Contents

Xarray 7: Calculating ENSO with Xarray

http://xarray.pydata.org/en/stable/_static/dataset-diagram-logo.png

Xarray 7: Calculating ENSO with Xarray

Objectives

  • Load SST data from CESM2

  • Mask data using .where() method

  • Compute climatologies and anomalies using .groupby()

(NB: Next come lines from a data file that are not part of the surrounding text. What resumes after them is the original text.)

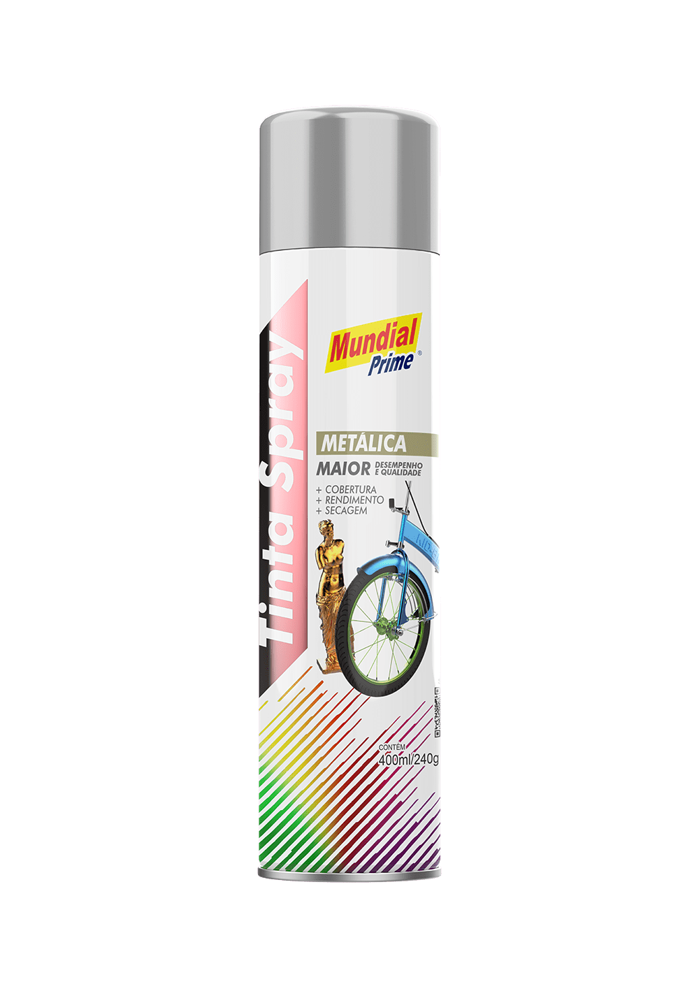 Tinta Spray Metálica Prata 400ml Mundial Prime – Brilho Moderno e Alta Cobertura
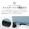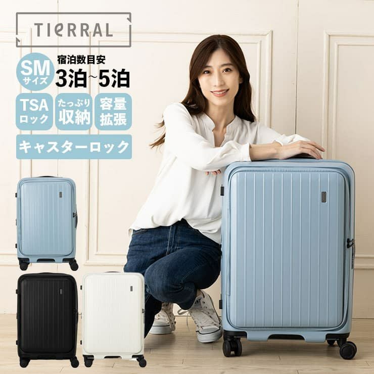 TIERRAL TOMARU(トマル)は最新素材「PET樹脂」を採用した高機能キャリーケース。ワンタッチでできるキャスターロック機能が付いており、電車など移動の際にスーツケースが勝手に動かないよう固定できます。4輪静音ダブルキャスターで路面を選ばずにスムーズな走行が可能です。荷物が重い時や混みあう場所は4輪で、デコボコした道では本体を傾けて2輪で状況に応じた走行が可能です。優れた弾性により耐衝撃性が高く、加えて高級感のある発色が特徴の「PET樹脂」を採用。スムーズな走行を可能にする静音ダブルホイールキャスターや快適な収納機能で、使い勝手も抜群。TIERRAL樹脂特有の高級感のある色味とスタイリッシュなデザインがあなたの旅を快適かつエレガントに彩ります。50Lサイズは4~5泊程度の旅行に適したサイズで、無料預入対応です(泊数は目安としてご利用下さい)。
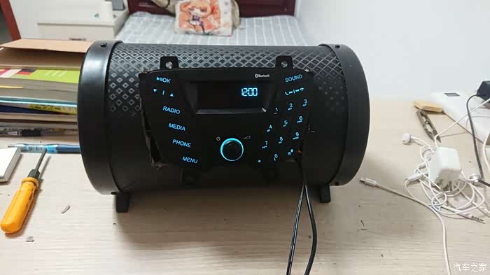 正巧一个偶然的机会得到了一个废旧的车载低音炮,(脑补一下,拖拉机上面用的,用自行车带一绑的那种)。正好还有一个拆下来的翼搏CD机,于是我就开始折腾了。。。
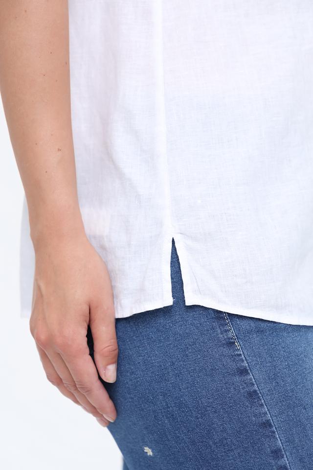 Белый цвет рубашки универсален и легко сочетается с любой одеждой. Она отлично подойдёт для создания как повседневных, так и более формальных образов. Рубашку можно носить с джинсами, брюками или юбкой.
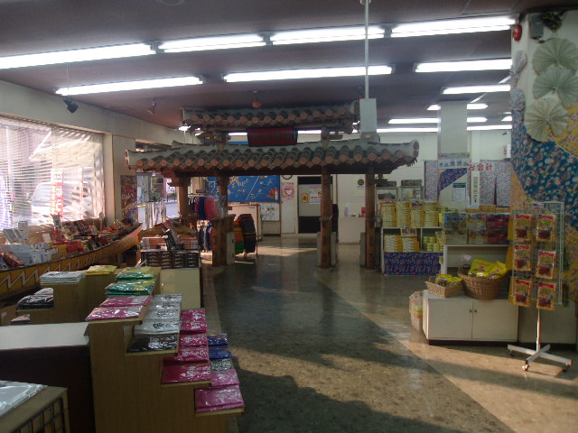 ここは商品のラインナップを見ていると一応観光客向けの施設なのかなと思うのですが、その雰囲気がとてもローカルで、ある意味味わいがあります。テーブルとイスが並んだ休憩ブースもあるので、ちょっと立ち寄って休むのにも良い所です。建物が大きい割には売り場として運用されているのは1Fだけという感じでしたが、その売り場内に守礼門のレプリカがあって驚かされました。
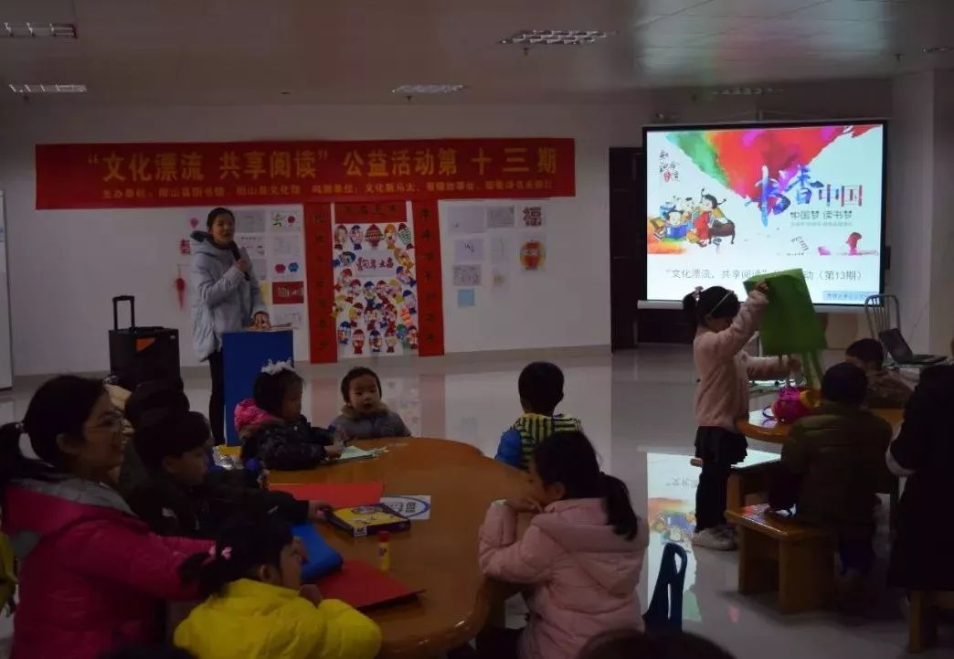 今天上午10-11时,“文化漂流、共享阅读”第十三期亲子阅读(公益)故事会在图书馆二楼青少儿活动室成功举办。
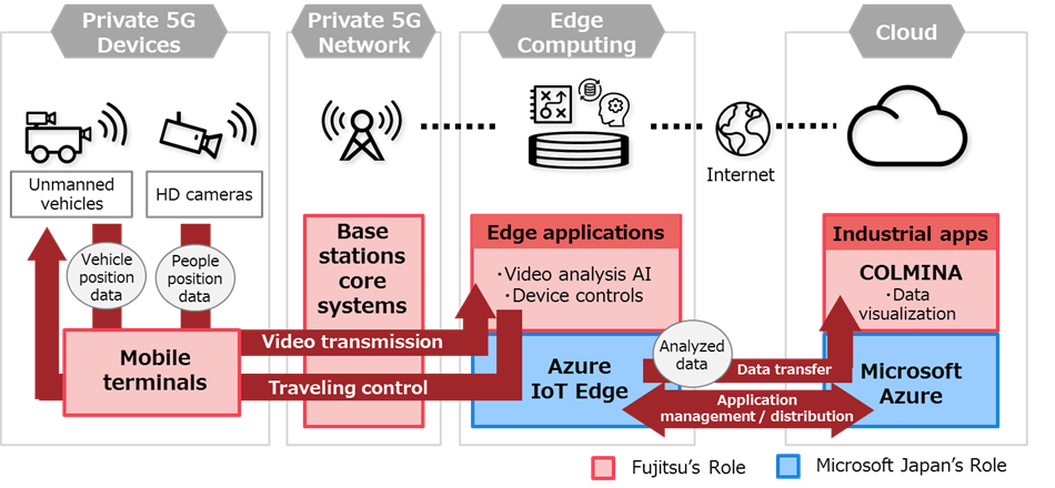 - Private 5G is utilized to transmit high-definition images of the movement of people and unmanned vehicles, and operation data from mobile terminals and servers to Azure IoT Edge.
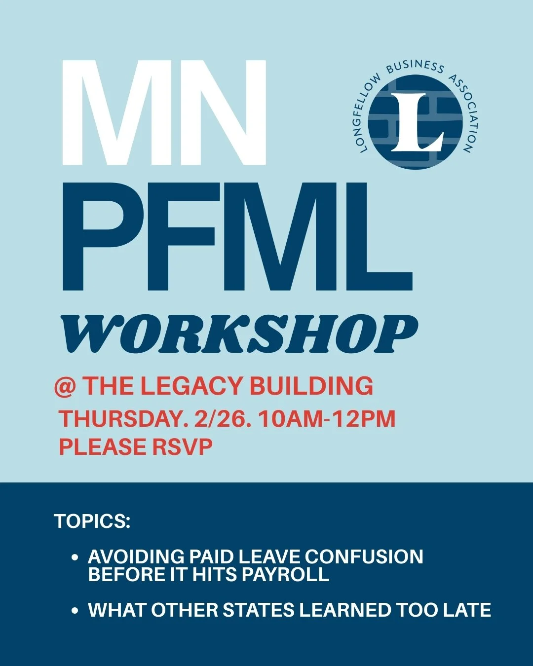 Join us Thursday, February 26 at the Legacy Building for a practical workshop designed to help small business owners understand Minnesota’s Paid Family and Medical Leave before confusion sets in. We’ll cover what other states learned the hard way, what actually shows up on payroll, how to talk with employees confidently, and how to prepare without creating extra work or stress. This session is about clarity, not compliance panic, and making sure you feel informed, supported, and ready as these changes roll out.elated to unhoused neighbors, recent ICE activity and guidance, and space for additional questions from attendees. This is an opportunity to hear directly from City leadership, share what you’re seeing on the ground, and be part of a constructive, solutions-focused conversation.
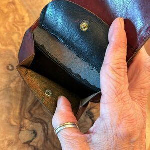In good used condition, but classic look! Snap closure. In dark burgundy leather.
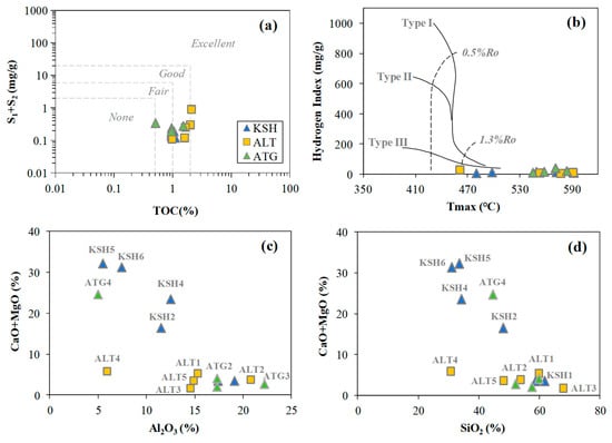 The major elements presented in Table 2 are dominated by Si (29–68%, SiO2) and Al (5.5–22.2%, Al2O3) for mudstone samples (KSH1, KSH3, ALT1–5, and ATG1–3), and Si (31–60.3, SiO2), Al (5.48–15.2, Al2O3) and Ca (3.42–30.4, CaO) for calcareous mudstone samples (KSH2, KSH4–6, and ATG4) (Table 2). The calcareous mudstones rich in carbonates are indicated by the greater values of CaO and MgO than the sandy and shaly mudstones (Figure 3c,d).
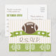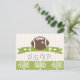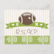 AJOUTEZ LES INITIALES DE LA MARIÉE ET DU MARIÉ À CES CARTES POSTALES DE RÉPONSE ET RSVP POUR UNE FÊTE DE MARIAGE, UNE FÊTE DE COUPLE OU UNE FÊTE DE MARIÉE, UNE FÊTE D'ANNIVERSAIRE OU UN DINER DE FIANÇAILLES SUR LE THÈME DU FOOTBALL. UN FOOTBALL AVEC UN CŒUR DESSUS SUR UN FOND À RAYURES CRÈME ET BLANC. AJOUTEZ LE MONOGRAMME DE LA MARIÉE ET DU MARIÉ SUR LA BANNÈRE À MOTIF DE RUBAN VERT IMPRIMÉ ENCADRÉE DE CŒURS BLANCS AU-DESSUS D'UN TERRAIN DE FOOTBALL 50 YARD. RSVP EN MARRON FOOTBALL. ŒUV
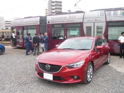 マツダは29日、路面電車と車両の交通事故を防止する先進安全運転システムを搭載した「アテンザASV―5」の公道実証実験を広島市中区で公開した。 同システムは同社と東京大学、広島電鉄、交通安全環境研究所の共同研究体で開発を進め、今回の実証実験...
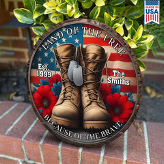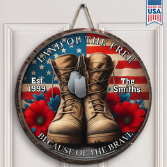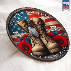 Available Product: Because Of The Brave - Personalized Veteran Round Wood Sign
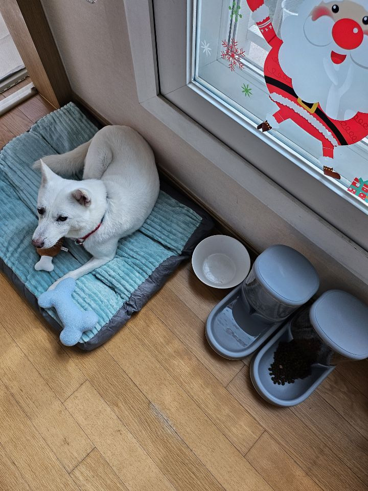 - 아직은 적응기라 사람이 있을땐 먹지 않지만 첫날 새벽에 물이랑 사료랑 다 비워놓은 너란아이
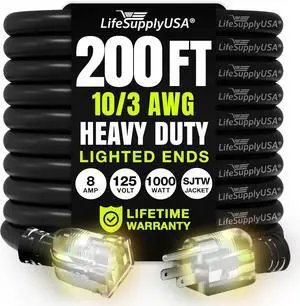 200ft Outdoor/Indoor Extension Cord 10/3 Gauge Ultra Heavy Duty 3 Prong SJTW, Waterproof, Flexible Cold-Resistant Long Power Cord,10A 125V 1000W, Black by LifeSupplyUSA
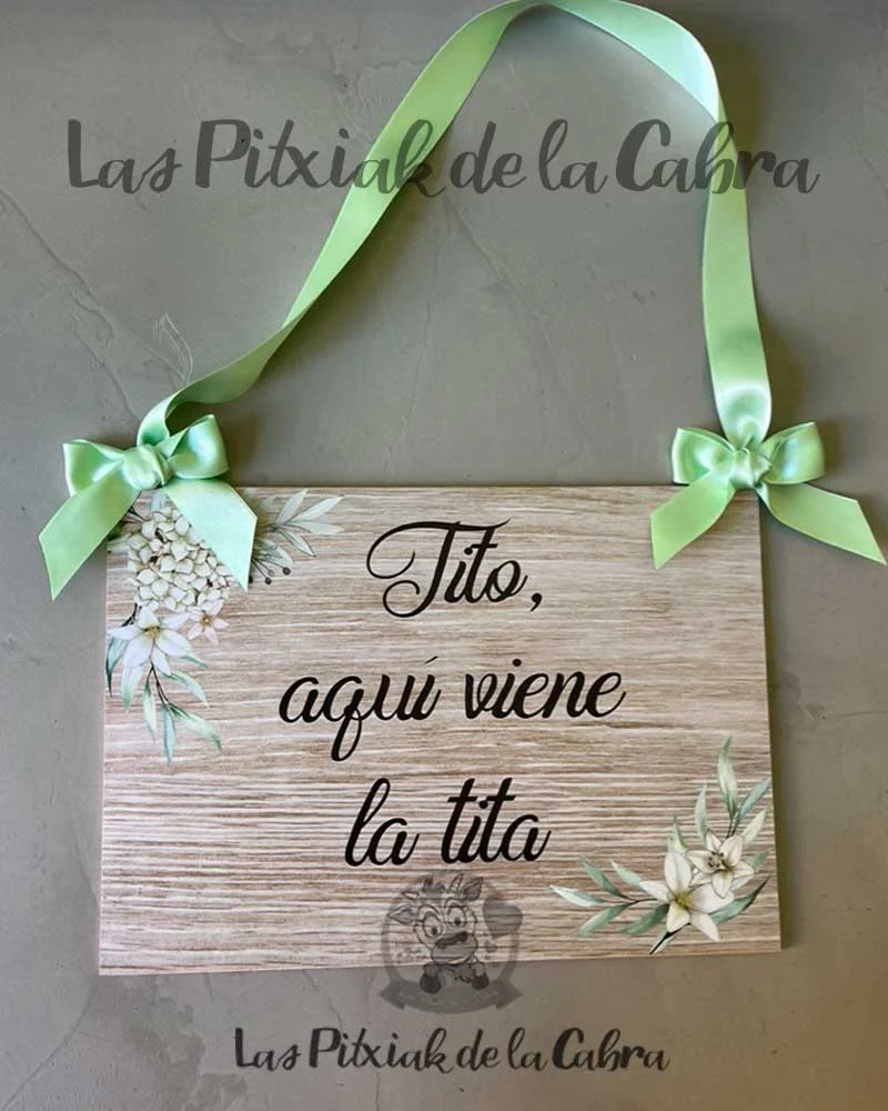 Este tipo de carteles llevan la impresión sobre papel, una base de panelado de madera y el lacito para colgar. Son carteles ligeros que no pesan pero también son resistentes, no se doblan, ni rompen facilmente. El diseño se hace completamente personalizado, así como el lacito, también podemos ponerlo del color que queráis. Su medida es de 297×210 mm el modelo rectangular y de 285x235mm el modelo con forma de corazón.
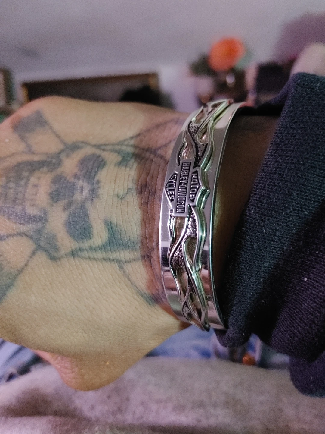 This stylish Harley-Davidson bangle bracelet features a flame design and the iconic Harley-Davidson logo. It's made of polished metal for a durable and eye-catching accessory. It's a great piece for any Harley enthusiast!

  • Use .rolling() to compute moving average

  • Compute, normalize, and plot the Niño 3.4 Index

Prerequisites

Concepts

Importance

Notes

Introduction to Xarray

Necessary

Computation and Masking

Necessary

  • Time to learn: 20 minutes

Imports

import cartopy.crs as ccrs
import matplotlib.pyplot as plt
import xarray as xr
from pythia_datasets import DATASETS

Niño 3.4 Index

In this notebook, we are going to combine all concepts/topics we’ve covered so far to compute Niño 3.4 Index for the CESM2 submission for the CMIP6 project.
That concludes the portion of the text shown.